**Exercise data**:

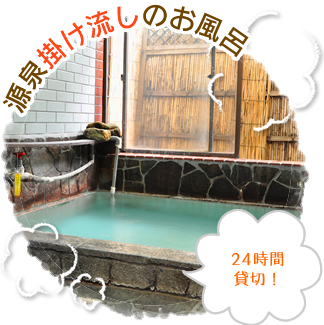 お風呂は24時間貸切入浴できる掛け流しの天然温泉で、草津のお湯を一人じめ。
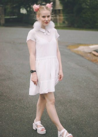 The flat sole of such sandals can be an addition to the casual style of clothing. Oversize T-shirts, leggings, denim shorts and T-shirts are suitable for sandals on a white flat sole.
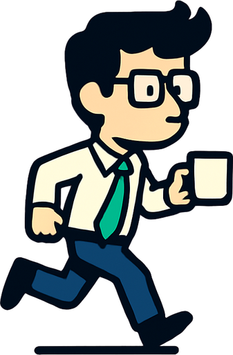 Intern holding a coffee cup running 3 frames. In-Game asset. 2d. High contrast. No shadows
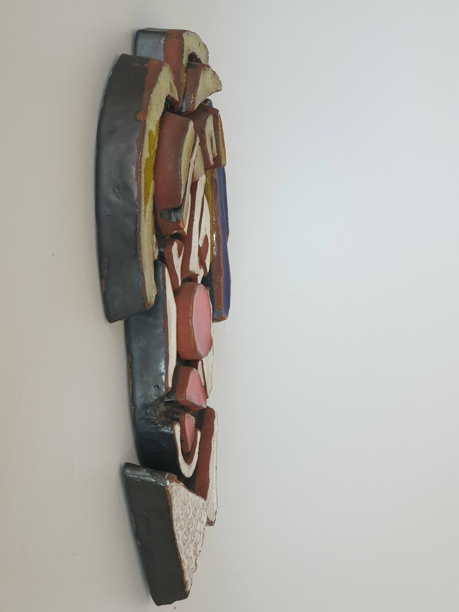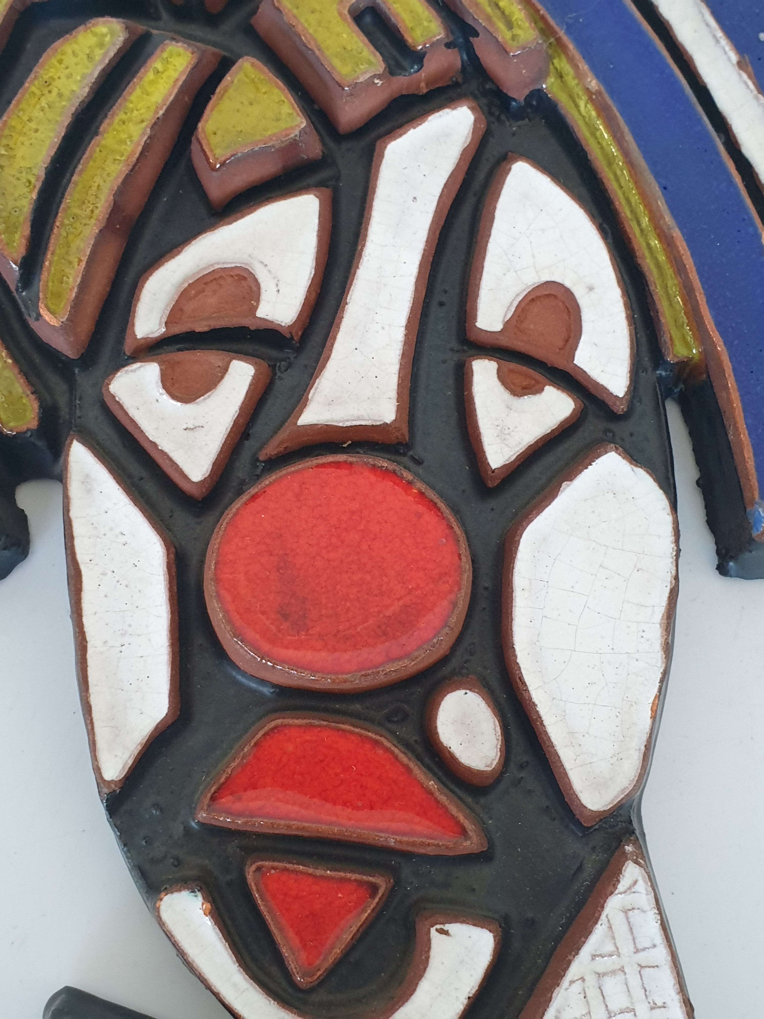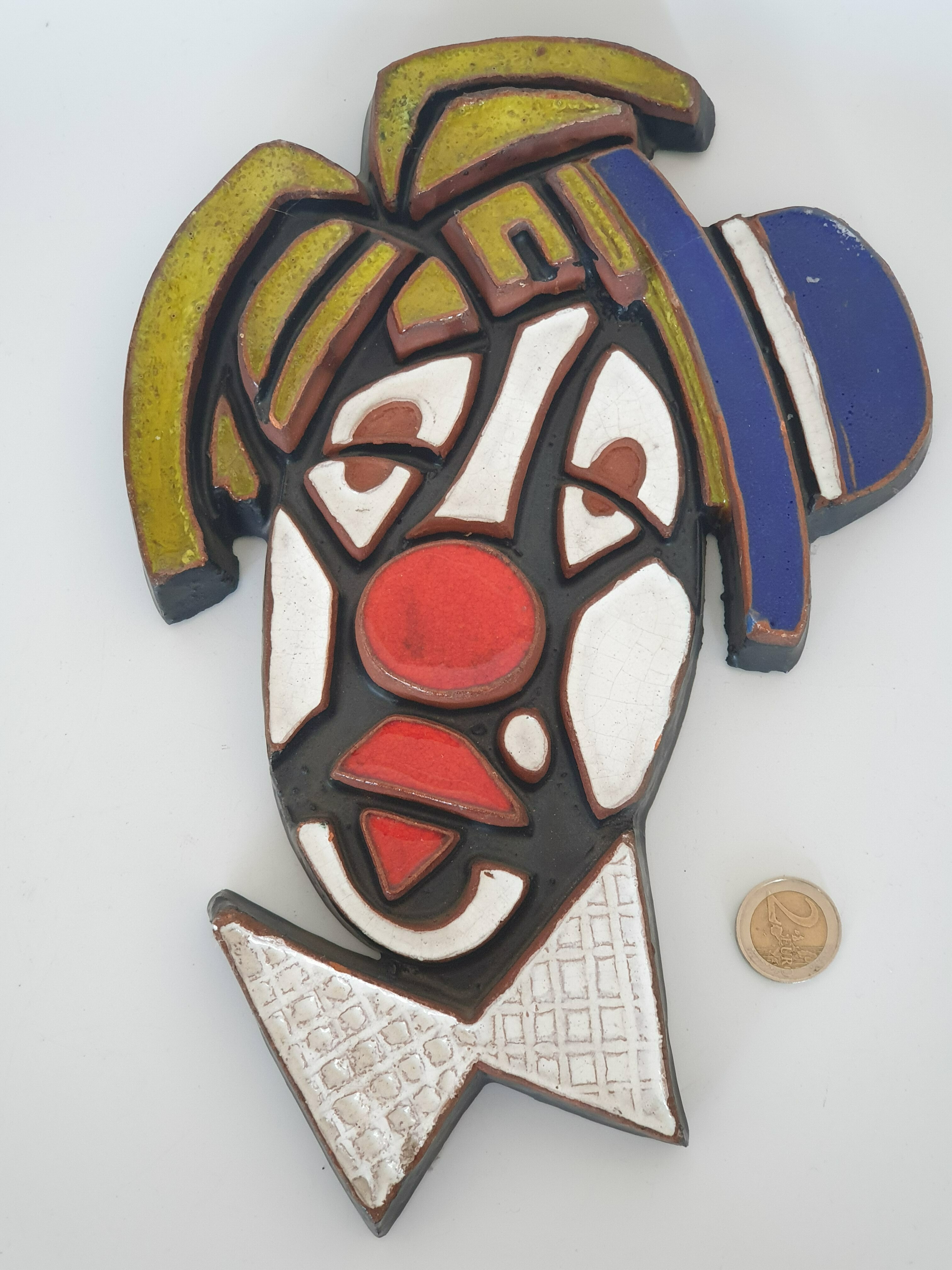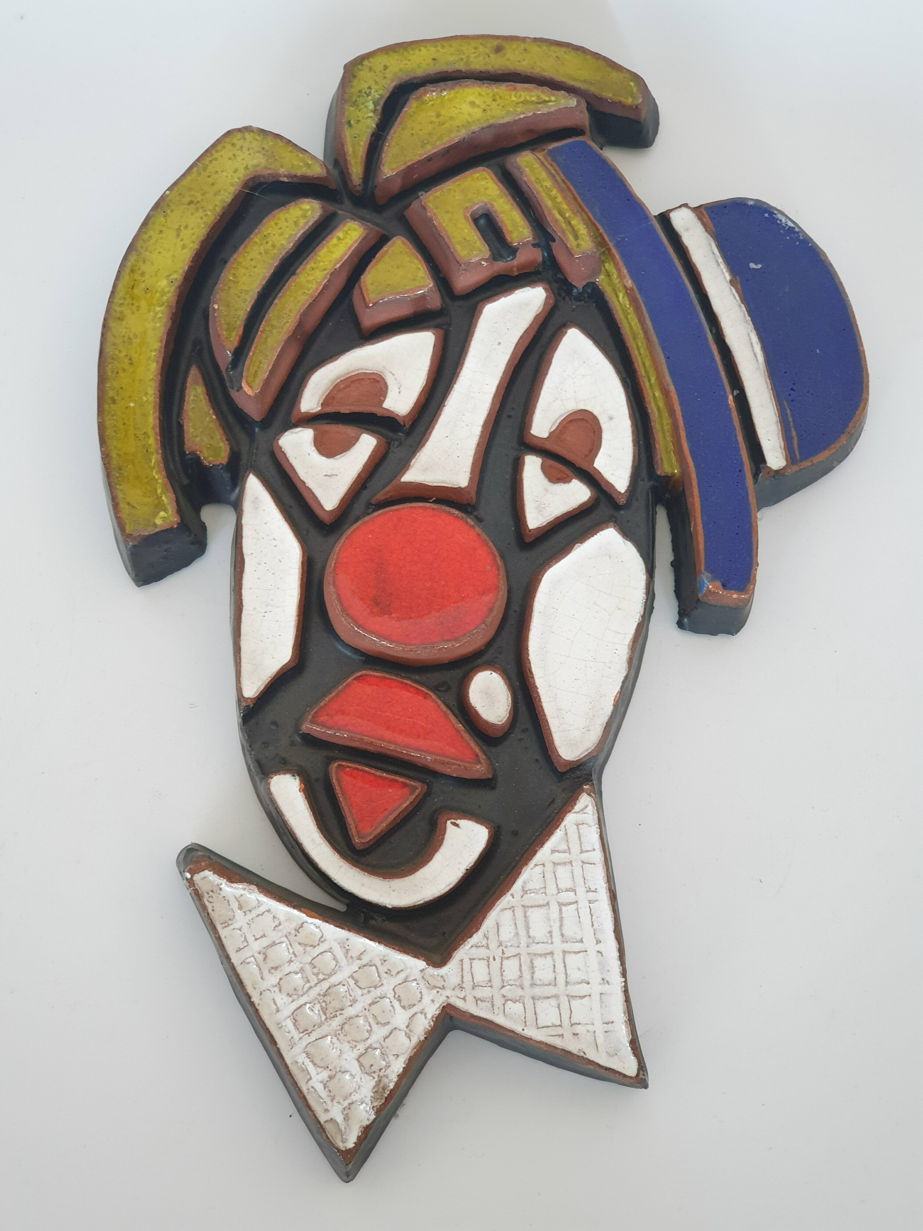 Keramieken muurdecoratie clown, ontwerp Karel. |

**Exercise prompt**:
Every line from the one containing "The flat sole" through the last line of the data is to be retyped exactly, with nothing added and no pictures included.

**Response box**:
 The flat sole of such sandals can be an addition to the casual style of clothing. Oversize T-shirts, leggings, denim shorts and T-shirts are suitable for sandals on a white flat sole.
 Intern holding a coffee cup running 3 frames. In-Game asset. 2d. High contrast. No shadows
 Keramieken muurdecoratie clown, ontwerp Karel. |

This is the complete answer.